INPUT RECORDS below:

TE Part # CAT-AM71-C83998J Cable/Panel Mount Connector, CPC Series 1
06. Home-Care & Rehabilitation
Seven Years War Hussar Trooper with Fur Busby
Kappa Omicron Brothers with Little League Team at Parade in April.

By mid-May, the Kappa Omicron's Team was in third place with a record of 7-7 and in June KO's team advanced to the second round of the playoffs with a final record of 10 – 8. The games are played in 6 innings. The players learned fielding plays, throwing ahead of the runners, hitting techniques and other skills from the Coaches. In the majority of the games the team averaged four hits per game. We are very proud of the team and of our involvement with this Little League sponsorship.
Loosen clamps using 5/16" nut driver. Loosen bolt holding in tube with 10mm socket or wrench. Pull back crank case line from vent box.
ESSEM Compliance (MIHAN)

End of INPUT RECORDS.
INPUT RECORDS below:

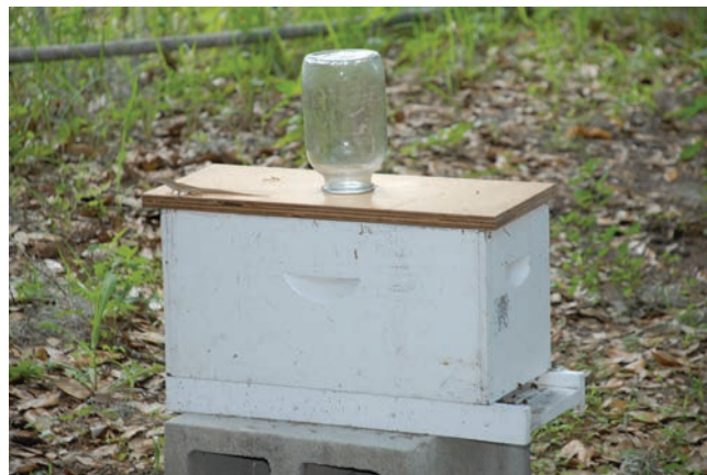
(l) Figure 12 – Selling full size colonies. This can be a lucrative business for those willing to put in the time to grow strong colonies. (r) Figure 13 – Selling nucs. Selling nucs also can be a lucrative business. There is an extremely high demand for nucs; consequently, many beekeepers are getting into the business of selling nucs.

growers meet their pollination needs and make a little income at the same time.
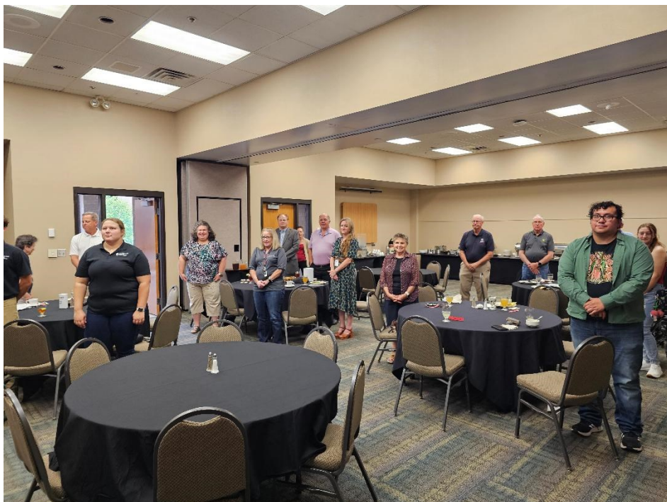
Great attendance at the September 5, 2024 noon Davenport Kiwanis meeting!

End of INPUT RECORDS.

WHAT THIS TASK INVOLVES
Print exactly the lines above from the one with "TE Part # CAT-AM71-C83998J" to the one with "Kappa Omicron Brothers", including both.

TASK OUTPUT
TE Part # CAT-AM71-C83998J Cable/Panel Mount Connector, CPC Series 1
06. Home-Care & Rehabilitation
Seven Years War Hussar Trooper with Fur Busby
Kappa Omicron Brothers with Little League Team at Parade in April.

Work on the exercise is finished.